Abbott's 'Team Australia' call actually isolates those he wants to get on board.
For a self-professed Anglophile, Tony Abbott has a remarkably under-developed sense of irony.
How else to explain his straight-faced use of the term "Team Australia" to underline the need, as he sees it, for national unity in the face of a common terrorist threat?
Abbott must also have missed Team America: World Police, the 2004 comedy which lampooned George W. Bush's "war on terror" - despite one of the Australian Prime Minister's former colleagues, Alexander Downer, reportedly being so fond of the movie that he once belted out its theme song in a Canberra restaurant.
Abbott's declaration that "everyone needs to be part of Team Australia" has caused much mirth, as well as providing fodder for columnists, cartoonists and newspaper correspondents. "Which football code is it, and why can't we support other teams any more?" asked one Sydney Morning Herald letter-writer.
Joking aside, this latest reworking of the "Australian"/"un-Australian" trope - which Abbott accompanied with an explicit appeal to mainstream Muslims - has had two (presumably) unintended consequences.
One, it has upset the very people he was trying to get on side, in the interests, supposedly, of counter-terrorism. Two, it must have emboldened the "bigots" whose rights George Brandis, his Attorney-General, has been so keen to protect.

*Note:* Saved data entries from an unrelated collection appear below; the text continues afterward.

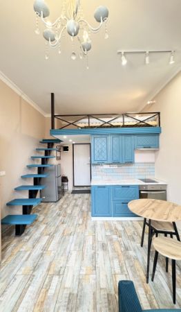 Стильная студия, трансформированная в двухуровневые апартаменты с авторским дизайном.
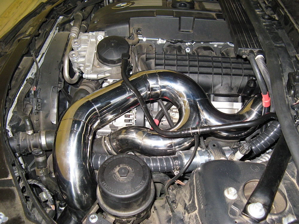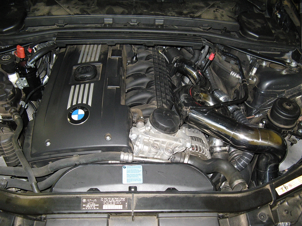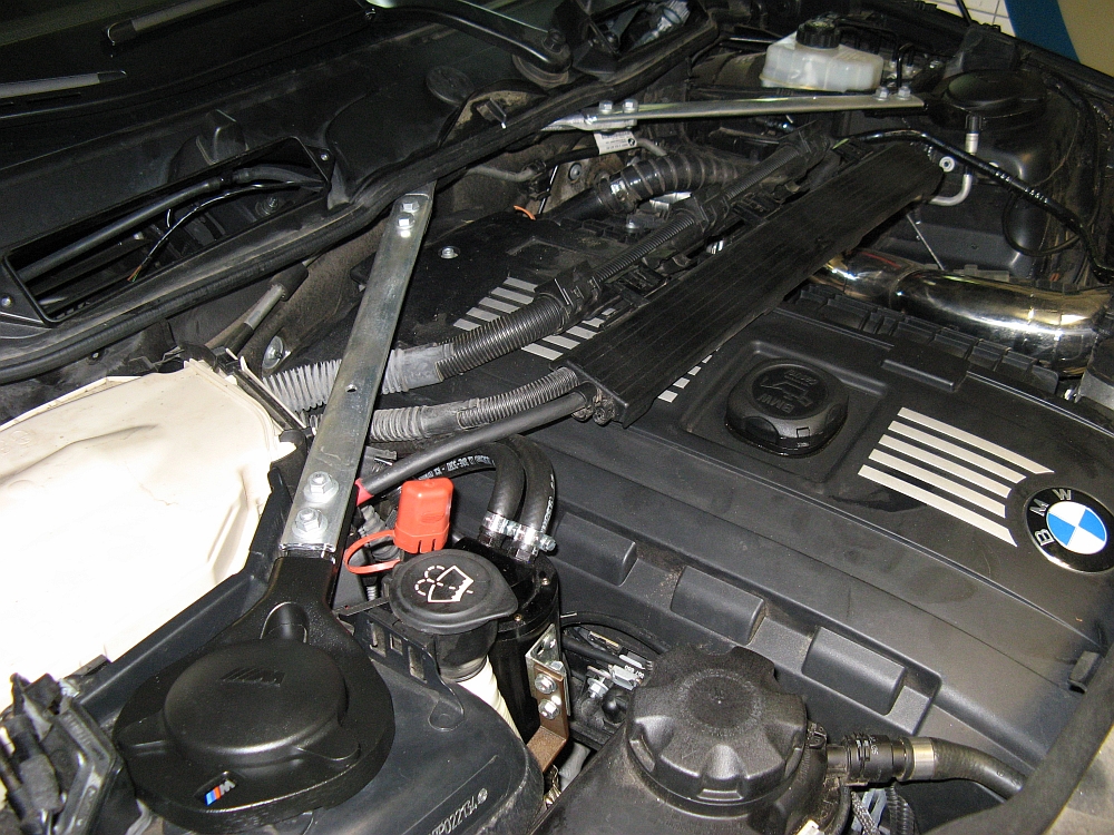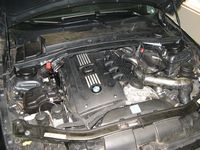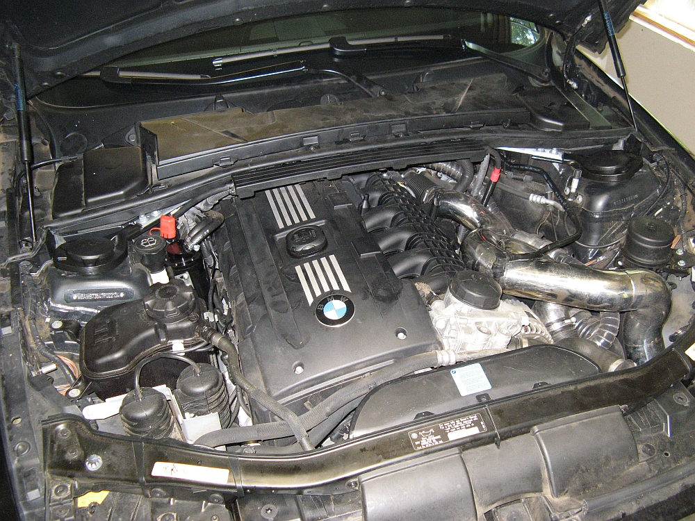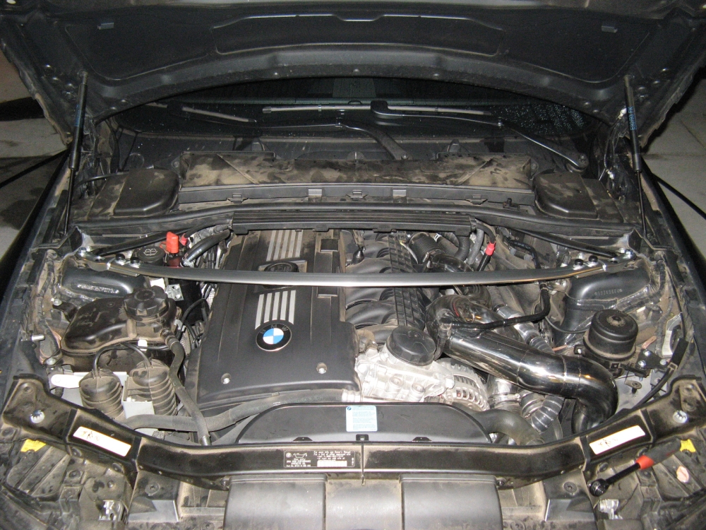 This brace will not fit a 335i with the OE airbox due to interference, some have had luck shimming the bar with washers to clear the OE airbox. Since my OE airbox
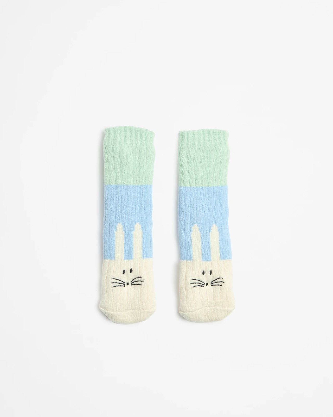 Experience the joy of Easter with these delightful Sherpa Lined Easter Crew Home Socks. Made from stretchy polyester, these socks offer a snug and cosy fit. The sherpa fleece lining ensures your feet are kept warm and toasty, making them perfect for those chilly mornings. Adorned with a charming embroidered bunny face and featuring grip dots on the bottom, these socks are as functional as they are cute. The ribbed top adds to the comfortable crew fit. Treat yourself or a loved one to the ultimate in comfort and festive cheer.
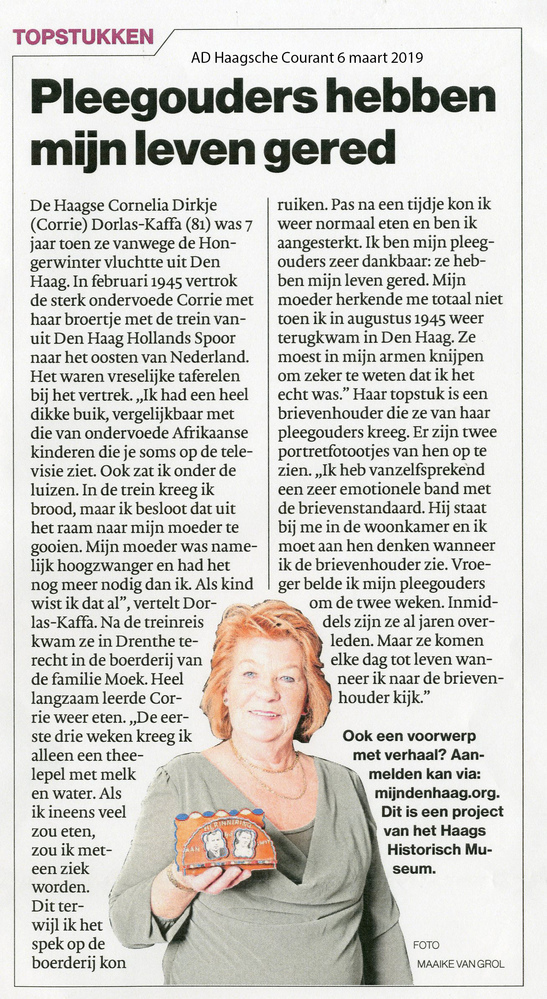 Dit verhaal maakt onderdeel uit van het project MijnDenHaag* Topstukken, waarbij Hagenaars gevraagd wordt naar hun eigen persoonlijke topstuk. 'mevr. Dorlas-Kaffa Deze brievenhouder heb ik als aandenken gekregen van mijn pleegouders. Moek in de hongerwinter.'
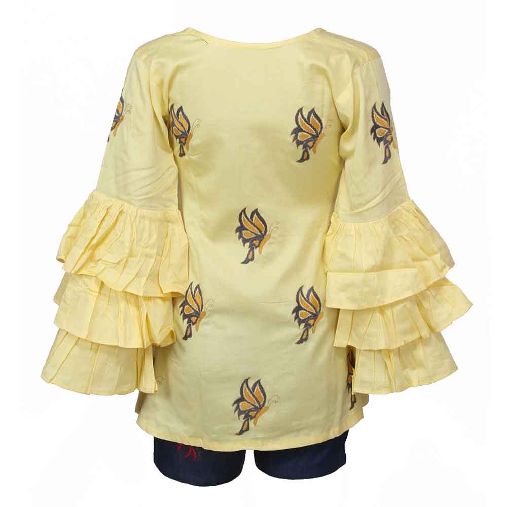 Top Is Of Yellow Colour With Brown & Saffron Butterfly Embroidery.
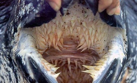 สาเหตุที่เต่ามะเฟืองมีช่องปากน่ากลัวคล้ายหนามแบบนี้...? นั่นเป็นเพราะเต่ามะเฟืองมักจะกินเหยื่อที่มีร่างกายอ่อนนุ่มมากเป็นอาหารอย่างเช่น "แมงกะพรุน" ดังนั้นหนามในปากของมันจึงเป็นอวัยวะที่ช่วยให้มันสามารถกินได้อย่างรวดเร็ว
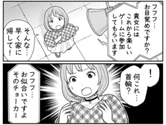 ゲームのために連れてこられた女性の首には、いつの間にかチョーカーが。天の声は「フフフ……お似合いですよ」と、意味ありげに笑います。これもしかして、ゲームに負けると爆発する感じのやつ!?
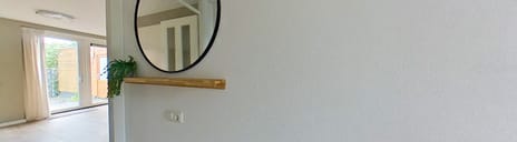 Een heerlijke lichte living dat aan de voor- en achterzijde open gezet kan worden met de openslaande deuren. Op de vloer is een kwalitatieve laminaatvloer gelegd en zijn de wanden en plafonds strak afgewerkt.
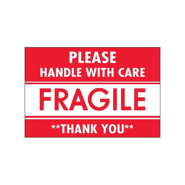 2 x 3'' - ''Fragile - Handle With Care'' Labels, Style 1, 500PK
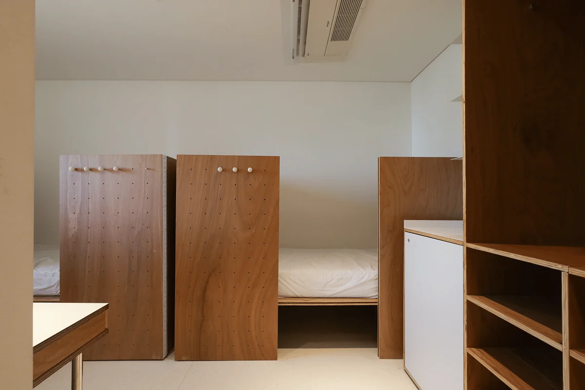 2인실 구성: 싱글베드 2개 (각자 독립적인 침대), 개인 옷장 및 수납공간 (각자 배정), 독립 화장실 (샤워부스, 세면대, 변기), 에어컨 및 난방, 개인 책상 또는 워크라운지 이용
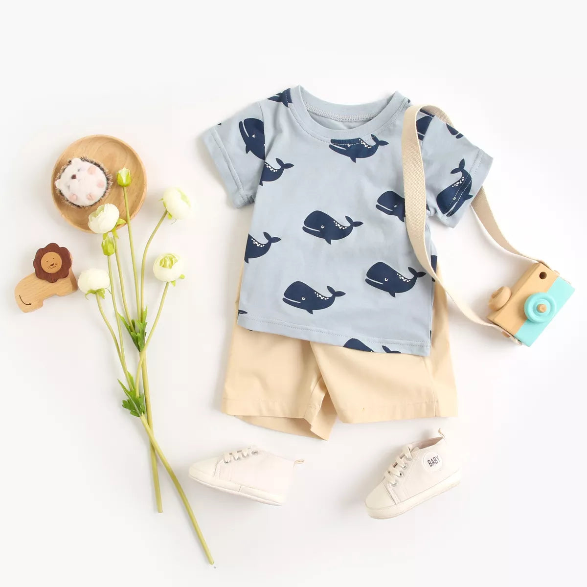 Introducing the Adorable Cartoon Boys Clothing Set: Short Sleeve Cotton Tops + Shorts
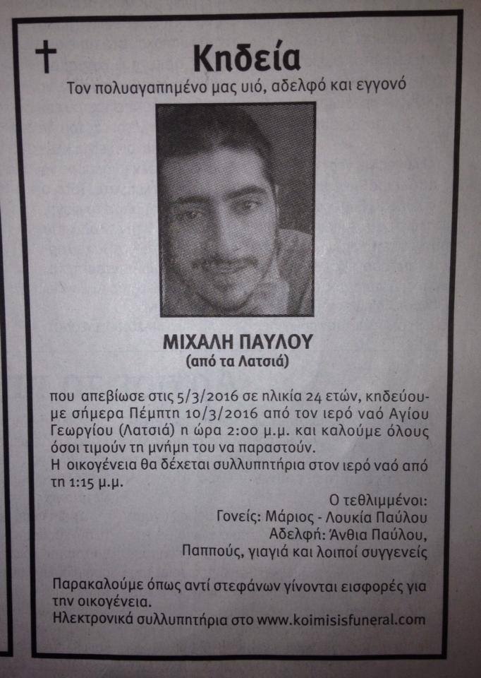 Θλίψη, πόνος και ένα αναπάντητο γιατί….κυριαρχεί για τους φίλους του Μιχάλη Παύλου, ο οποίος έφυγε από τη ζωή μόλις στα 24 του χρόνια.
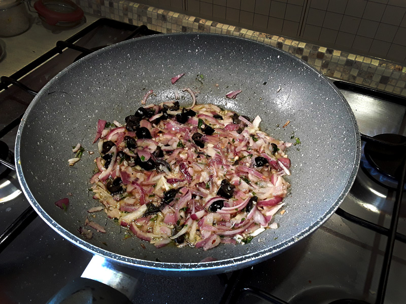- rosmarino, 1 cipolla di Tropea, aglio, olive nere denocciolate
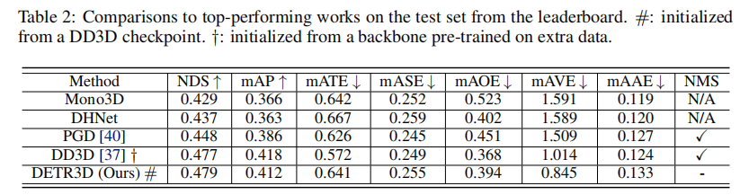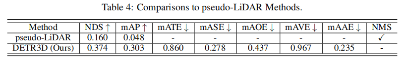 - 即使不使用 NMS 后处理,DETR3D 的基础版本(DETR3D (Ours))NDS 达到 0.374,与使用 NMS 的 FCOS3D(0.373)相当;
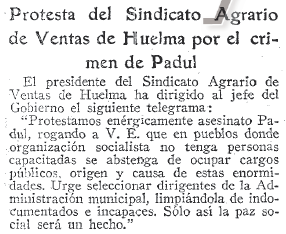 - 06/02/1932. Protesta del Sindicato Agrario de Ventas de Huelma por los

Paradoxically, the reason Abbott gave, two weeks ago, for ditching Brandis' plan to water down the race hate laws was that he wanted to ensure Australian Muslims - who had vocally opposed that reform - would support the beefing up of security legislation.
The Coalition leader announced the latter and junked the former in the same breath. Then, in a radio interview on Monday, he went one step further, warning of the danger of "a mass-casualty event" caused by homegrown terrorists, and adding that "you don't migrate to this country unless you want to join our team".
The following day, the Islamic Council of Victoria pulled out of a planned meeting with him, calling those comments "ill-informed" and "inflammatory".
As well as pointing out that half of Australia's Muslims were born here, the council's secretary, Ghaith Krayem, accused Abbott of "wilfully [placing] our community in the crosshairs of every bigot and racist in the country".
So what about those new security measures, which would oblige Australians returning from conflict zones such as Syria and Iraq to prove they were not involved with terrorist groups such as Isis (Islamic State), and would allow the Government to retain everyone's phone and internet records for two years?
Presumably, the threat of domestic terrorism has increased? Well, no, according to Abbott. It's still "as high as it has ever been", however high that is.
So why the sudden clampdown? It couldn't, surely, be a cynical attempt by an unpopular Government to boost its ratings by playing the ever reliable security card?
What's certain is that many Australians, Muslim or not, are unwilling to heed Abbott's call. As one letter-writer put it: "I'm not going to join your team, Tony, I don't like the way you play."